Most people grasped where the real injustice lay. It was never that hard to figure out. This has never been a difficult story to grasp.
“If you haven’t been following this story it’s too late to catch up,” one journalist wrote last week propagating the idea of this closed world where they’re dealing with matters beyond most people’s comprehension.
In fact, most of the time it is simply beyond most people’s interest.
It was never too late to catch up on the email, the subject matter and the Garda strategy of attacking the motivation and character of Maurice McCabe “right the way through”.
As further emails were released on Monday, most people understood that this was a simple story, a story of aggressive actions taken by some against a whistleblower and an absence of actions by others at critical times.
Maybe it was too complicated for the political class as it strayed beyond the boundaries of their world which is why they tried to make it a tribal fight, returning to their happy place, interrupting each other to demand they shouldn’t be interrupting each other.
When Fitzgerald resigned on Tuesday, the idea was still pushed that this had been an expedient departure for party political reasons. “I expect her to continue to play a full role in political and public life including at the highest level,” Varadkar said as he finally announced on Tuesday that his Tánaiste had resigned while simultaneously looking forward to welcoming her back to public life very soon.

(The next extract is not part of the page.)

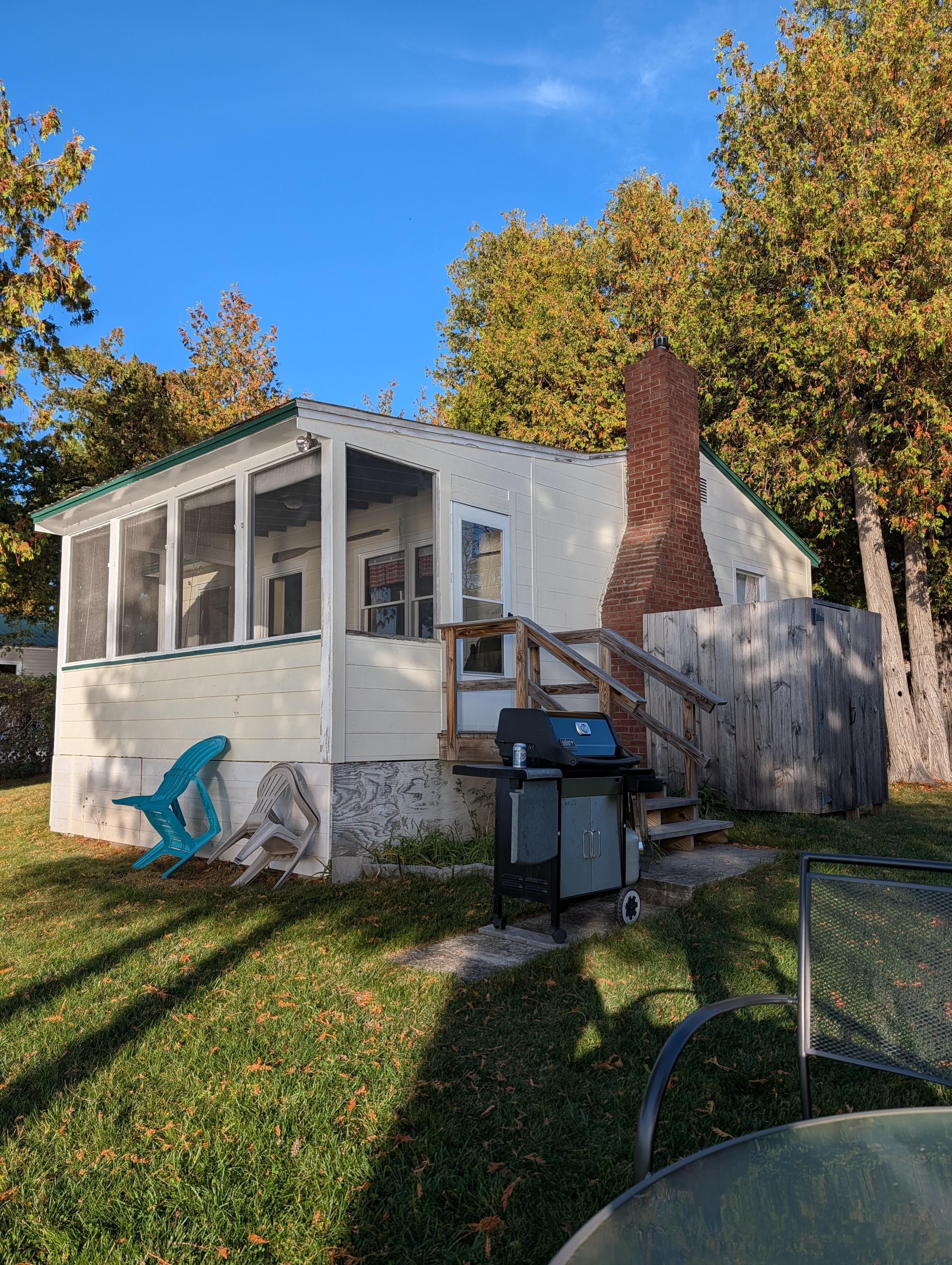 The cottage sleeps four in two bedrooms, one with a queen-size bed, one with a double bed. There is also a double futon in the living room. Nice, comfortable living room and kitchen, bath with stall shower, and a lovely lakeside screened-in porch. There is a gas grill as well as a charcoal grill, Adirondack chairs, town water (not a well or the lake). Bath towels and bed linens supplied. Please bring linens for futon if planning on using. Gas fireplace. Free wireless internet. New in 2021 is our wonderful outside shower.

The political class are always most comfortable when retreating to this place and soon they will return to speculating about the new Tánaiste, a mini reshuffle and the country will tune out, not because they can’t grasp its importance, but because they grasp its unimportance all too well.
Fitzgerald may be vindicated in the future, she has undoubtedly taken action on behalf of Maurice McCabe and whistleblowers, and she may return, but nobody should overlook what’s important in this matter.
When he was asked by Sharon Ní Bheoláin if Fitzgerald couldn’t have been inquisitive or picked up the phone, Varadkar said it was improper. The Guerin report, he reminded her, criticised the Department of Justice for being “too close to the Gardaí”, so that was out of the question.
By Monday night, we knew that the then Garda Commissioner was happy to call an official in the Department of Justice a couple of months after the key email to discuss media queries regarding, among other things, the strategy for dealing with Maurice McCabe at a commission.
We also knew that the official was happy to set out a response for the Minister if she should need it.
It may well have been beyond the Minister to tame this “dysfunctional” department, but that doesn’t mean that when the dysfunction is so pronounced, Ministers supposedly in charge shouldn’t be called to account.
In another country – maybe even a country like Britain which we currently regard as a basket case – Fitzgerald would have gone some time ago, Charlie Flanagan would have to resign as well and Varadkar’s judgment would be seen as so questionable that he would be under great pressure himself.
Irish politics doesn’t work like that and maybe that’s ok. Maybe it’s ok that Charlie Flanagan doesn’t have to resign for low level incompetence and hysteria. And maybe it’s ok that Varadkar is damaged but not finished by his inept handling of this, as he would be elsewhere.
But people also know what’s not ok.
They know what matters and they know what doesn’t. They can sense real human suffering and they know who is a victim of injustice and who is not.